Toda su infancia la vivió bajo el control de su padre. Durante su adolescencia, se encargó de hacer caso a todo lo que mamá quería y después trabajó para mantener compromisos con Sam, quien no le pedía nada, pero lo merecía todo.

Sora no conoce otra cosa además de ceder el poder sobre sí mismo. Está cómodo con eso.

Siente que flota.

Últimamente es todo lo que siente.

Últimamente, desde que Akira lo hace tomar pastillas que ni siquiera entiende para qué son.

— Es para que duela menos — le promete. Tiene razón: ya no duele, pero tampoco existe como tal... Sora no recuerda nada de lo que pasa minutos después de las pastillas: se queda dormido.

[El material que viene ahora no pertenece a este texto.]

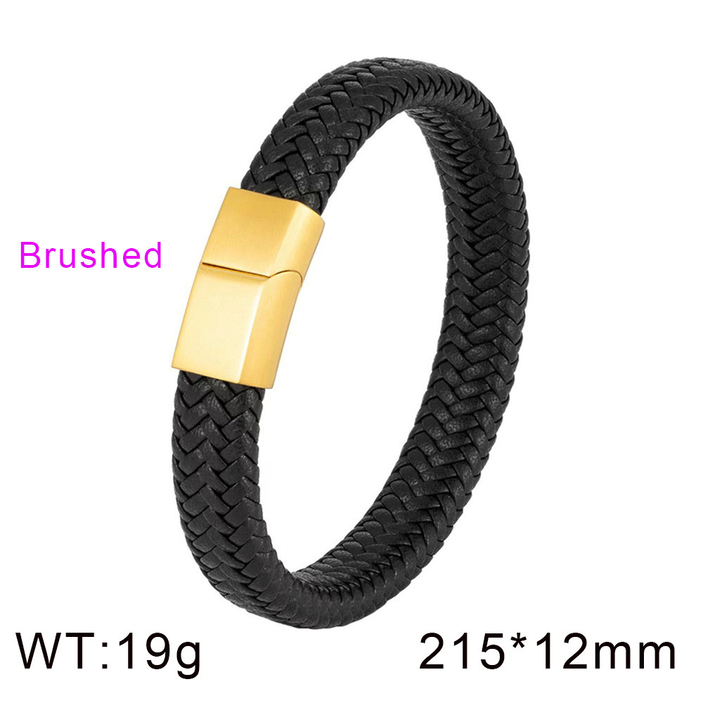 Simple cowhide woven leather rope stainless steel gold frosted surface magnetic buckle braceletWholesale Price:
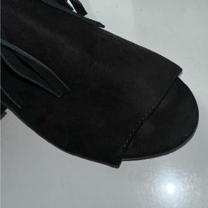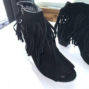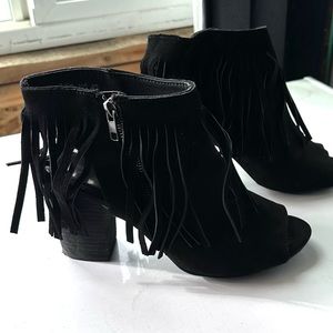 Cute little pic a boo toe with a little boho flare with fringe. They look so cute on. Wore once in great shape. 4 inch heel
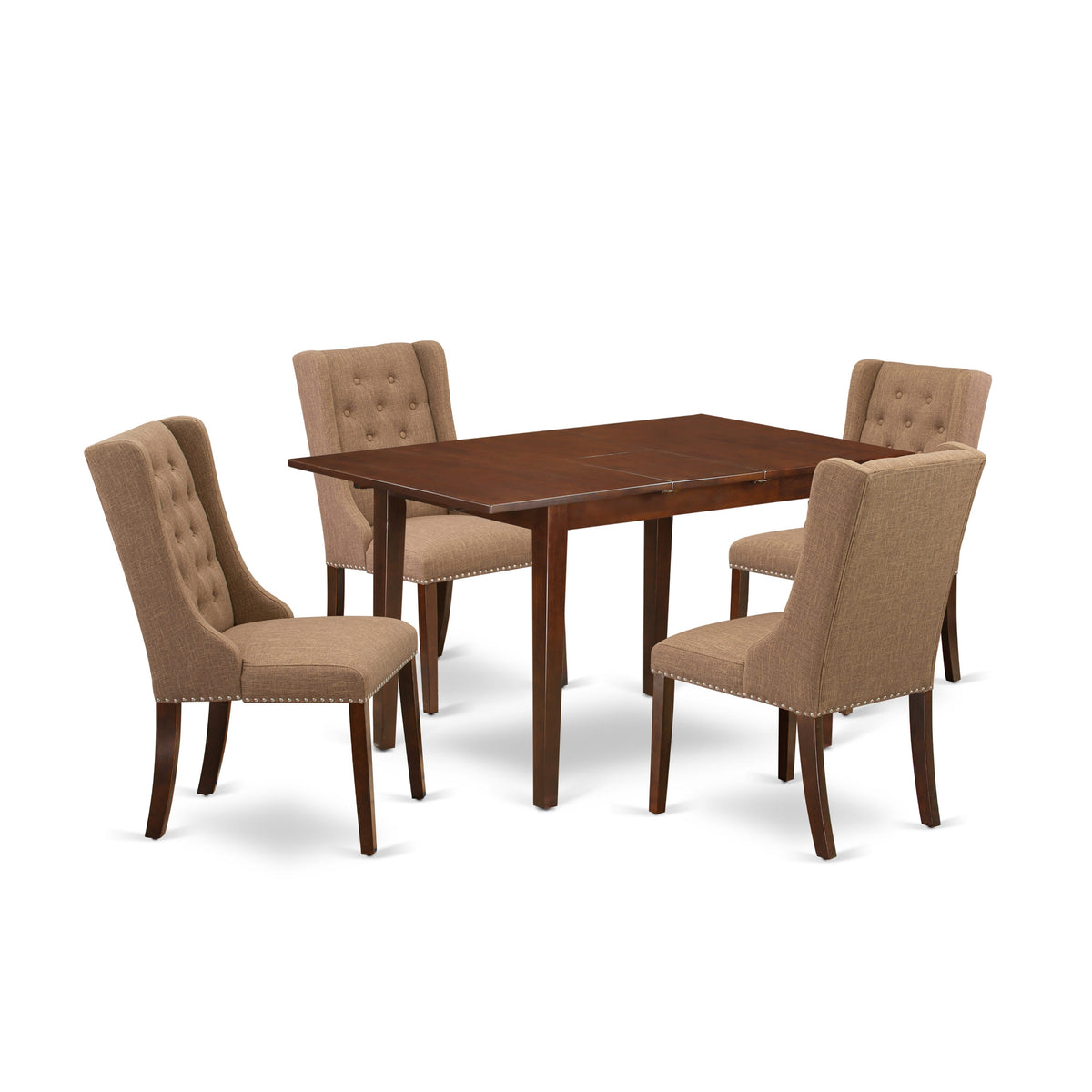 Our attractive 5-Piece dining room set can help any dining room look more beautiful. Our kitchen dining room set includes 4 attractive parsons dining room chairs and an excellent 12-inch self-storage expansion leaf dining table. This kitchen dining room set will increase the elegance of any dining room with its ageless style. Our kitchen chairs are good quality linen fabric, which complete comfort and a great sitting experience. This modern butterfly leaf dining table has a rectangular tabletop and wooden legs. These nailhead parson dining chairs have Light Sable Linen Fabric and Mahogany Solid wood chair legs. These beautiful kitchen chairs create a warm, inviting atmosphere. It will bring elegance to the home and perfectly blend into any home decor. Our innovative dining table set is created from good quality Rubber Wood. These parson dining chairs and the modern kitchen table is easy to assemble. Our dining set is assembled according to the assembly instructions, which are included in the package.
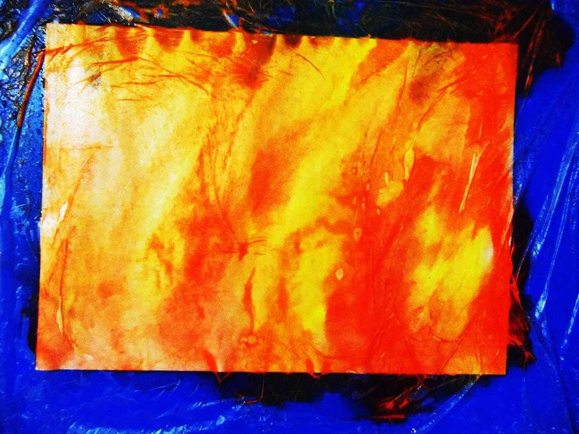 3. Отжимаем кусок целлофана и, не давая гуаши высохнуть, расправляем влажную пленку на листе бумаги.

Pero está bien, le gusta dormir. Tiene sueños muy extraños y al despertar hay alguien en la ventana, pero todo va perfectamente. De maravilla.

¿Cómo es que Akira terminó de aquella manera? Nunca quiso hacerle daño a nadie, no, pero estaba obsesionado con el control.

Controlarse a sí mismo, sus alimentos, las bebidas alcohólicas, su cuerpo, el trabajo, a las personas... Después de la muerte de su padre decidió que no volvería a ver a nadie de aquella manera: en una lenta agonía con final trágico por su culpa.

— A veces hay que tomar decisiones drásticas para cuidar de las personas que amas — vagamente recuerda que le dijo a Sora hace un tiempo.

Lo está cuidando. Lo alimenta bien, le da de beber, le da amor, lo ayuda a dormir, evita que se haga daño... Todo va de maravilla.

No hay nada malo en cuidar a alguien, Akira está siendo un buen novio.

Akira verdaderamente ama a Sora: no quiere que nadie le haga daño.

Sora no se queja: está feliz con él.

El chico ahora duerme sobre sus piernas, en el sillón del salón. Akira le acaricia el cabello, pensando que quizás es hora de cambiarlo de color. Quizás cortarlo un poco, hacerle rayitos... No lo sabe, debe pensarlo muy bien: sabe que Sora no tendrá opinión al respecto así que podrá hacer lo que quiera.

Akira tiene el control.

Sam se encuentra parado delante de la puerta de una casa gigantesca, a un lado de Bailey Oliver.

Estuvo por toda una semana llamando sin respuesta al celular de Akira y Sora. Ninguno de los dos contestaba y comenzó a entrar en pánico. No sabía qué hacer cuando el teléfono dejó de timbrar, anunciando que finalmente se habían deshecho de los teléfonos móviles.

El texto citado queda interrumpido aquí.